(WHAT YOU SHOULD DO) You are asked to copy the entire listing exactly, apart from its pictures.

(DATA SEGMENT)
---

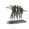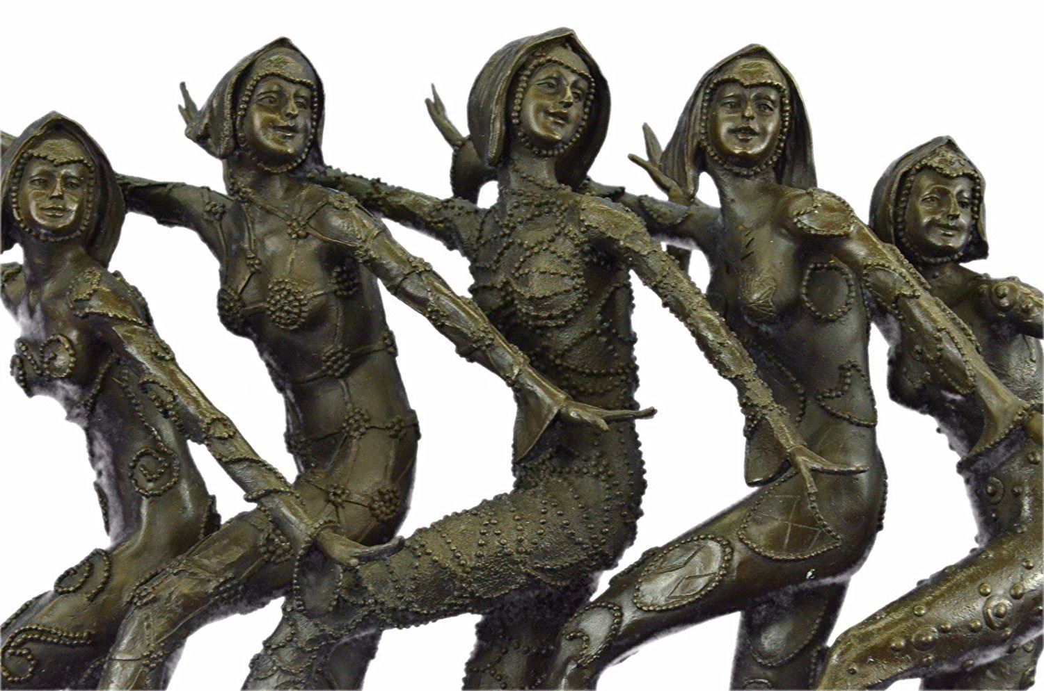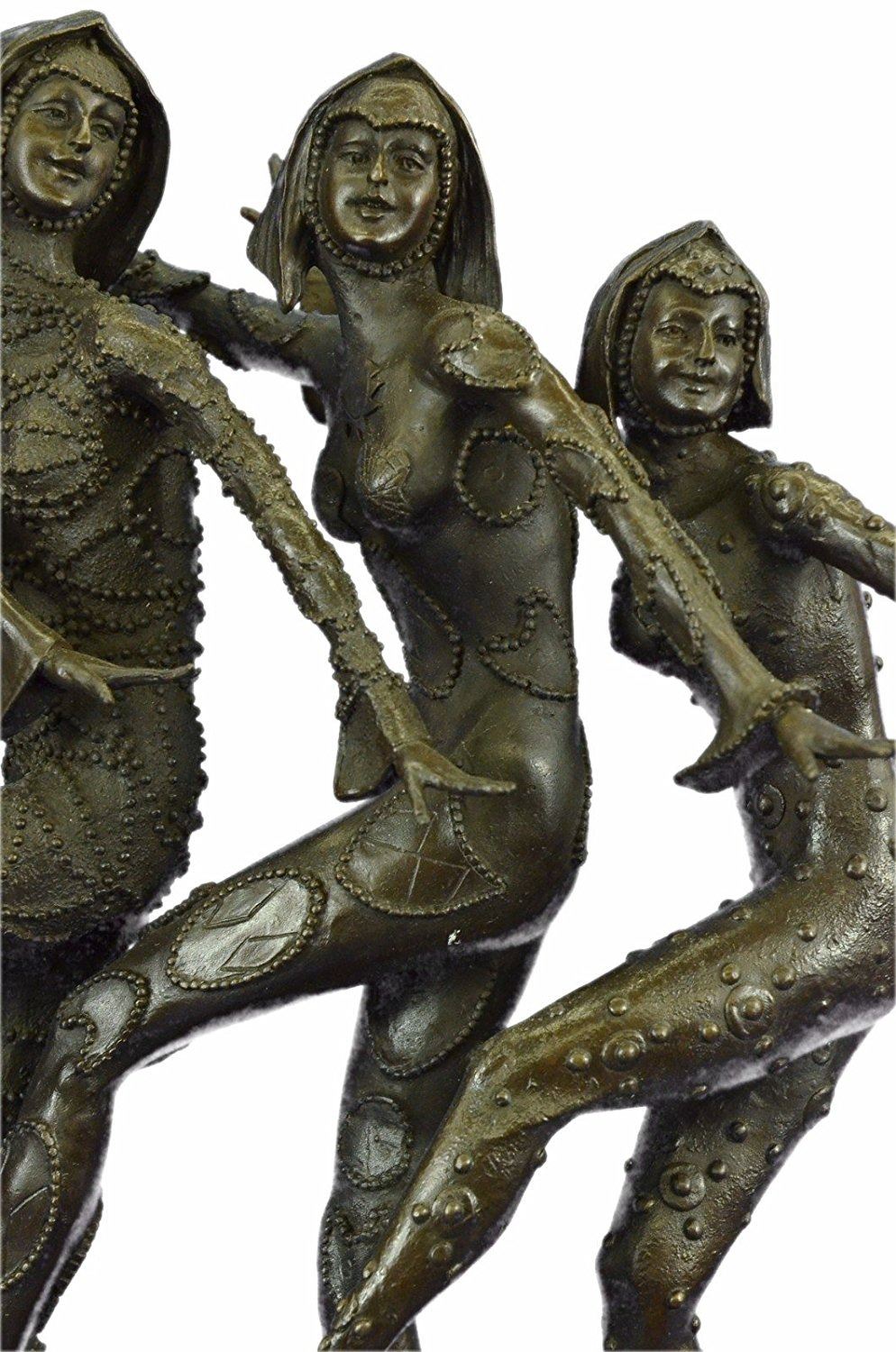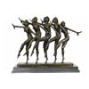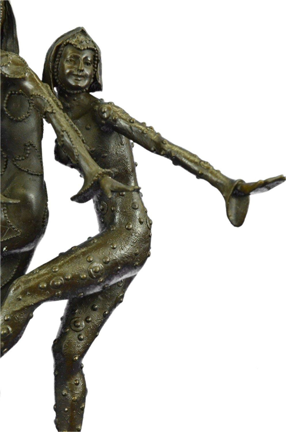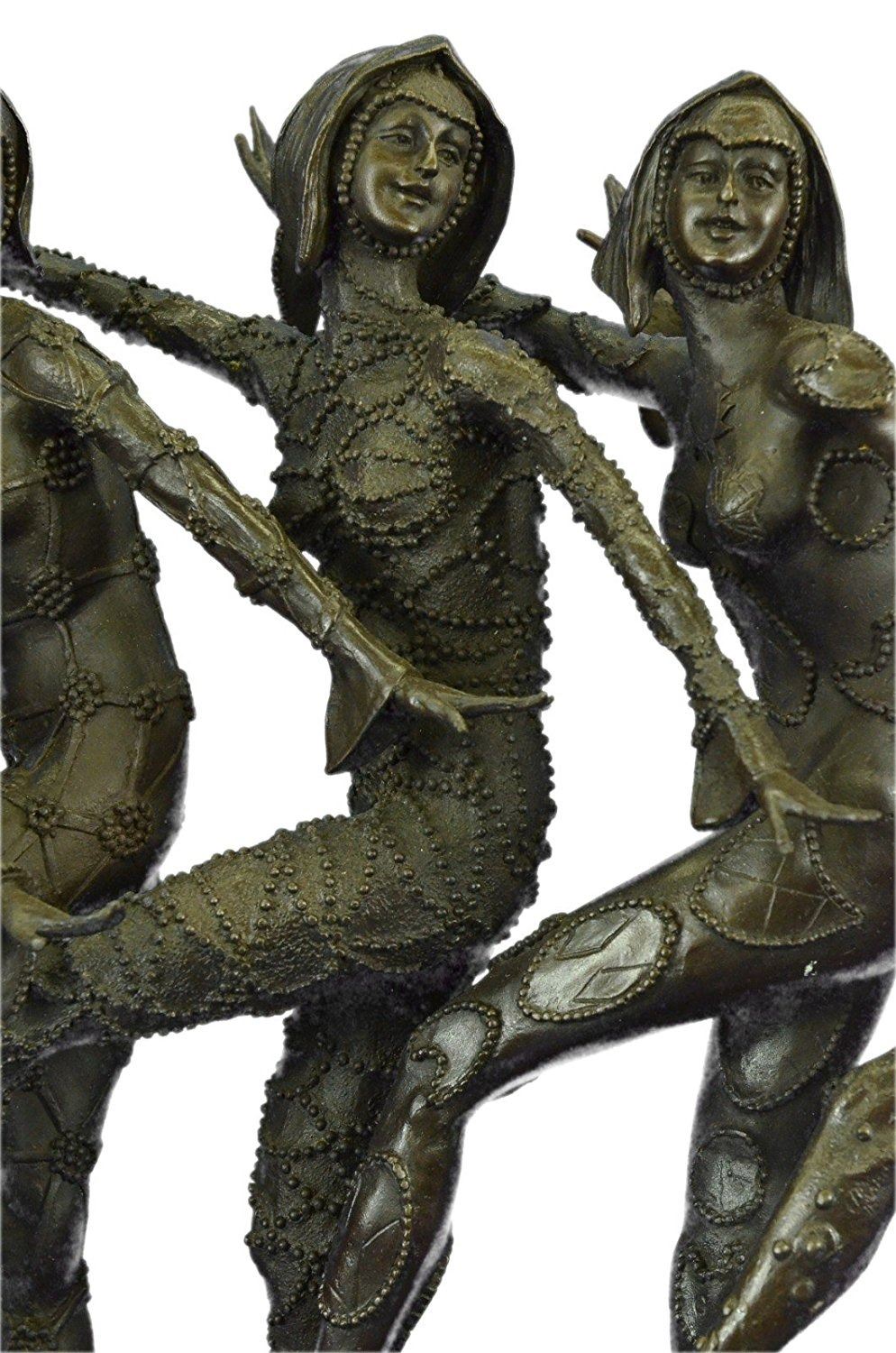 This amazing piece will go lovely in any home. These woman stand on one leg, since balancing their weight seems to come easy to them as they spreads their arms out like wings, they bend their left leg in and put on a show for the audience. These Lady Dancers wear a detail outfits in a beautiful variation, wearing also nice caps an absolute worth seeing exhibit. The result is a high impression bronze dancing sculpture. 100% bronze and handmade, brown patina sculpture was cast using the LostWax Method and its mounted on a black and fire red marble base. Bronze Dimensions with Marble Base: Height 19 X Width 22 inches. Weight: 55 LBS. Inventory: 20X202022501
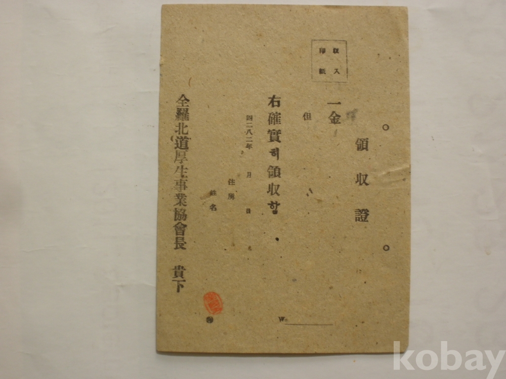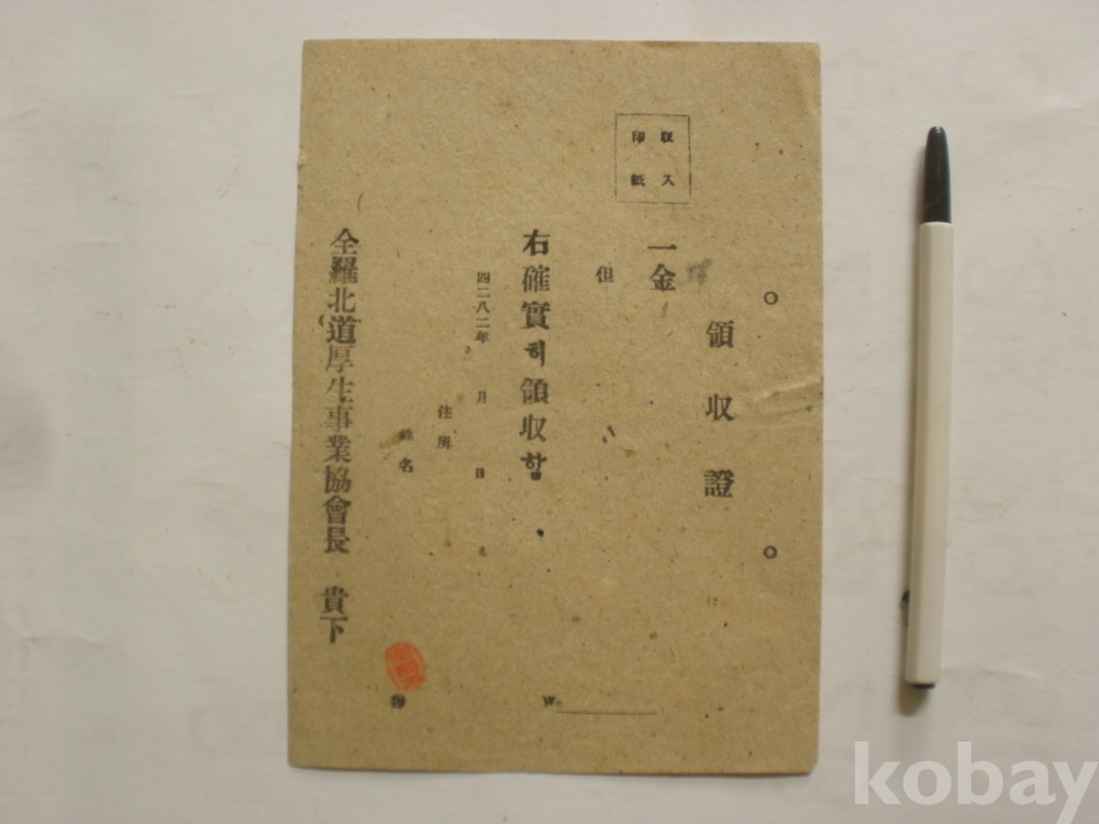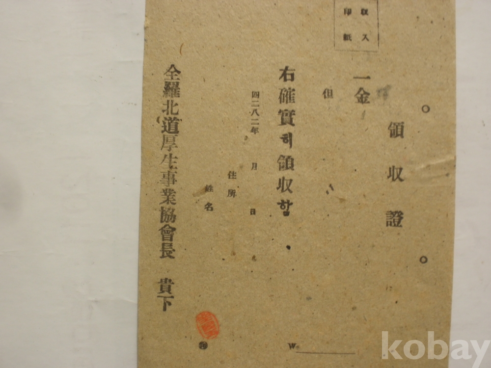 전라복도 후생사업협회 - 영수증 (1949년)
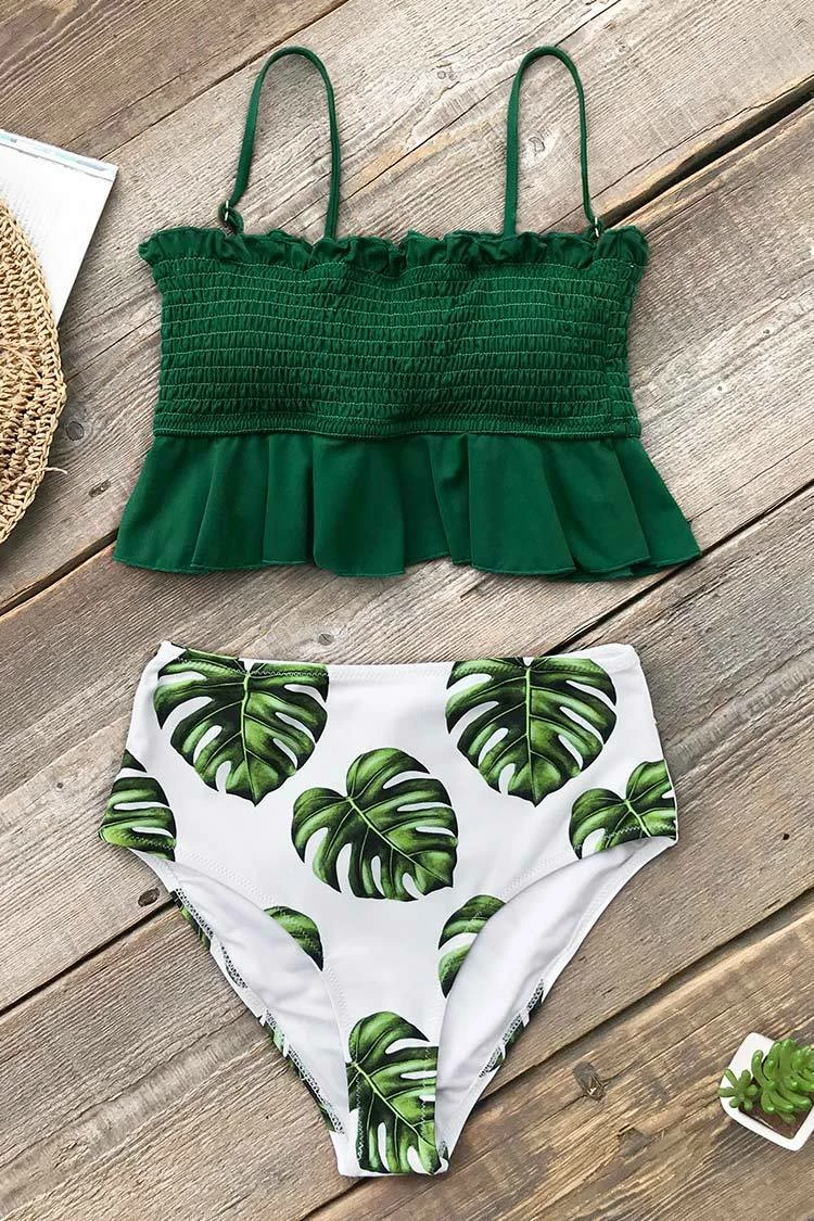 Hit the beach in our Green and Monstera High-Waisted Bikini! This bikini set features a smocked bikini top with ruffle trim in a pretty emerald green. The matching high-waisted bikini bottom features a monstera leaf print for a tropical trendy look.
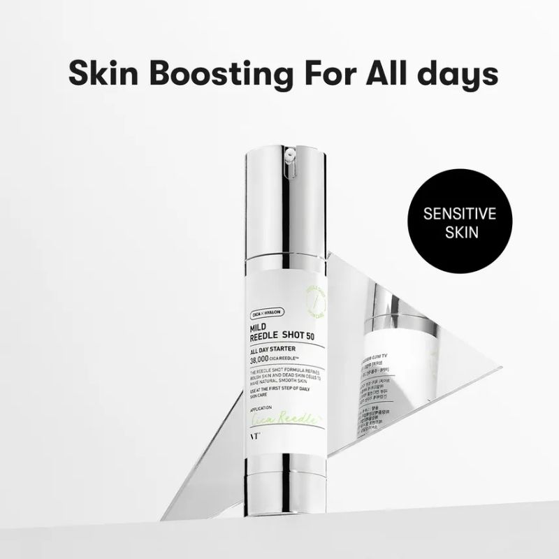 Transform your daily skincare regimen with the VT COSMETICS CICA Reedle Shot 50, a gentle microneedling ampoule designed to smooth texture, tighten pores, and boost the absorption of subsequent skincare. Formulated with VT’s patented “Cicahyalon™” complex—featuring Centella Asiatica Extract, Triple Hyaluronic Acid, and Green Propolis—it soothes irritation, hydrates deeply, and supports a brighter, more elastic complexion. Leveraging “Cica Reedle™” technology, the ampoule’s micro-sized spicules help deliver active ingredients further into the skin for improved results, all while remaining safe for sensitive or blemish-prone types.

---

(WRITTEN SOLUTION)
 This amazing piece will go lovely in any home. These woman stand on one leg, since balancing their weight seems to come easy to them as they spreads their arms out like wings, they bend their left leg in and put on a show for the audience. These Lady Dancers wear a detail outfits in a beautiful variation, wearing also nice caps an absolute worth seeing exhibit. The result is a high impression bronze dancing sculpture. 100% bronze and handmade, brown patina sculpture was cast using the LostWax Method and its mounted on a black and fire red marble base. Bronze Dimensions with Marble Base: Height 19 X Width 22 inches. Weight: 55 LBS. Inventory: 20X202022501
 전라복도 후생사업협회 - 영수증 (1949년)
 Hit the beach in our Green and Monstera High-Waisted Bikini! This bikini set features a smocked bikini top with ruffle trim in a pretty emerald green. The matching high-waisted bikini bottom features a monstera leaf print for a tropical trendy look.
 Transform your daily skincare regimen with the VT COSMETICS CICA Reedle Shot 50, a gentle microneedling ampoule designed to smooth texture, tighten pores, and boost the absorption of subsequent skincare. Formulated with VT’s patented “Cicahyalon™” complex—featuring Centella Asiatica Extract, Triple Hyaluronic Acid, and Green Propolis—it soothes irritation, hydrates deeply, and supports a brighter, more elastic complexion. Leveraging “Cica Reedle™” technology, the ampoule’s micro-sized spicules help deliver active ingredients further into the skin for improved results, all while remaining safe for sensitive or blemish-prone types.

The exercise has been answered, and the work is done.